None of the normal geo-political markers shifted. There was no announcement of a large rise in interest rates, there was no peace accord to announce that all is now well between Russia and the U.S. in Syria, for example.  Because of this, these sharp, sudden and completely “artificial” moves in price are hard to predict, so it is wise to be as positioned as possible cash-wise to jump in these “split-second” buying opportunities.

The mainstream media didn’t raise an eyebrow, of course.  But people within the precious metals market really DID notice, as I’m sure many of our readers also did too.  “It’s pretty clear something ‘fishy’ was going on, as Andrew Maguire, a well-known precious metals trader immediately confirmed the total volume of the crash was very suspicious as in excess of 1,000 tonnes of paper contracts were dumped on the market in a matter of hours. Yes, that’s approximately 1/3rd of the entire world’s annual gold production from mining activities, so yes, it’s obvious this isn’t normal  trading behaviour.”

I haven’t been able to find a discussion or reason for this behaviour. But Zerohedge put together an extremely insightful piece on this exceptional move within the Gold market: “What makes the drop even more interesting is that it happened on a Tuesday, right after the bank holiday in Germany (the financial markets were closed in Germany on Monday). Could this indicate certain market parties were expecting to see a solution for troubled Deutsche Bank during the long weekend? Nothing materialized even though Deutsche Bank will very likely need to raise more capital, and rumors about a semi-bailout by other German large companies started to circulate later in the week. So whacking down gold might indeed have been some sort of pre-lude and part of the global idea of a monetary reset or a bailout of Deutsche Bank. Because let’s be fair, it’s just ridiculous to see 1,000 tonnes being dumped on the open market on a day when the Chinese markets (and the Shanghai Gold Exchange) were closed…

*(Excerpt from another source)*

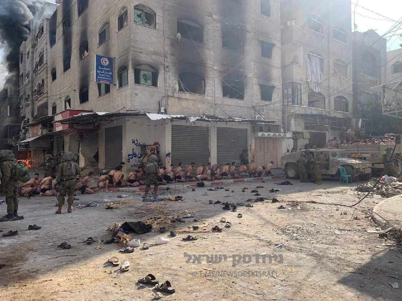 В Сети появились фото десятков полураздетых пленных мужчин-палестинцев, предположительно боевиков ХАМАС, сдающихся израильской армии на севере сектора Газа, — израильские СМИ

And indeed, our hunch was confirmed when Qatar announced on Friday it was considering taking a massive equity stake in Deutsche Bank, so this adds credibility as to why the gold price was pushed down on Tuesday, rather than on Monday.

But then the main question obviously remains, who sold? Because if one thing is clear, the futures market crash was NOT caused by sellers of physical gold. We pulled up the data from the SPDR Gold Trust (GLD), and between Monday and Thursday’s closing bell, the total amount of gold owned by the Gold Trust fell by just 10,000 ounces of gold. That’s 0.3 tonnes of gold, and just 0.03% of what has been sold on Tuesday in the paper markets.” (Zerohedge, 9th October 2016)

This last point is really worth a highlight.  As many of our regular readers know, the daily  Gold and Silver price are “fixed” in regard to the number of paper certificates sold, not the real physical metal ounces sold.  If only 0.03% of physical was actually sold compared to the amount of paper changing hands that day, this once again highlights the fact that investors in physical Gold and Silver are holding onto their bars and coins.  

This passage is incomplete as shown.